Registriert: 15.02.2008, 17:02
Beiträge: 3956
Wohnort: 19322 Breese
" Diejenigen Figuren, die einen Gegenstand der Natur oder der menschlichen Erfindung( der Kunst, des Handwerkes) darstellen, wozu noch die Ungeheuer, erdichtete Gestalten, die in ihrer Grundlage aus dem Tierreich stammen, aber durch die Phantasie verändert sind, gezählt werden, heißen gemeine Figuren. Es gehören sonach in die Klasse der gemeinen Wappenbilder alle, die nicht als Heroldsstücke anzusehen sind, von denen sie sich auch dadurch unterscheiden, dass sie nicht in die Schildränder verlaufen, sondern wenigstens auf zwei Seiten frei im Felde stehen. " S. 53
Dies 150 Jahre alte Bestimmung Dr. Eduard Freiherren von Sacken aus seinem " Grundzüge der Wappenkunde" ,hat noch immer seine volle Berechtigung.
Nun hat Manni ,dankenswerter Weise ,angefangen ,interessante gemeine Figuren uns vorzustellen.Dies erscheint um so notwendiger, wenn der Kreis der Wappenträger ständig wachsen soll und dazu möchten wir ja, mit diesem Forum beitragen, um nicht immer erneut ausgetretende Pfade zu betreten.

Nun sei die Frage zu diskutieren ,dürfen wir tatsächlich alles verwenden?


Nein sagt der Heraldiker zu Recht.

" Das Wappen ist an und für sich ein ritterliches Abzeichen und gehört als solches seiner Wesensheit nach dem Mittelalter an, soll als auch das Gepräge dieser seiner Abkunft beibehalten. Denn , da es noch in derselben Art zusammengesetzt ist aus Schild und Helm, so muß diese gewissermaßen überlieferte Form auch im einzelnen durchgeführt werden; zum Helm würde aber eine modern gezeichnete Schildfigur wenig passen. Zudem führen die meisten Adeligen( Länder,Städte ec. an und für sich) ihr Wappen als ein von den Vorfahren überkommennnes, als ein geschichtliches Gedenkzeichen " S. 54
Nun ist uns jedoch heute als Normalbürger, die mitteralterliche Weltsicht mehr als fremd und durch die Schulbildung geprägt und ob diese ,der historischen Realität nahe kam, ist mehr als fraglich...

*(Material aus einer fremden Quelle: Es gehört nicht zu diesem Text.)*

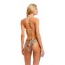 Двусторонний бюстгальтер-треугольник 7094 Lolita Bronzo со стильными плетеными завязками и двумя видами принтов: цветочный в песочных тонах с голубыми оттенками и анималистический «питон». Их сочетание позволяет создавать разные образы. Выполнен из люксовой ткани с тактильным эффектом гладкого и легкого шелка, которая быстро сохнет и сохраняет цвет. Сочетайте с плавками 7095 Alegria Bronzo.

Verkürzt betrachtet, dürfte dann nur auf Wappen abgebildet sein ,was in der Zeit der Ritter, diesen bekannt gewesen sein könnte. Ein Blick in die Städteheraldik zeigt heute, eine Reihe von Wappenträgern hat sich aus unter schiedlichen Gründen heraus längst davon entfernt und führt voller Stolz und belächelt von der Fachwelt ihre Wappen.

Diese Entwicklung sollte für Personenwappen vermieden werden ,jedoch woher die immer neuen gemeinen Figuren nehmen?


Einmal aus dem Anerkennen des Prozeßcharakters des Wappenwesens, es gab auch noch nach der " Ritterzeit ", Wappenneuschöpfungen und diese , sind schon nun wieder Geschichte geworden .Diese Werke sind bewußtseinsmäßig, auch als heraldische richtige Motivwahl anzu- erkennen. Insbesondere die Anerkennung der Ständewelt : Adel,Bürger, Bauer bringt zu der jeweils Wappenneuschöpfungszeit neue Motive, es ist historisch fragwürdig ,die Motivwahl( in unserem unhistorischen Verständnis ) nur den Ritter zu überlassen( in unserer Betrachtung).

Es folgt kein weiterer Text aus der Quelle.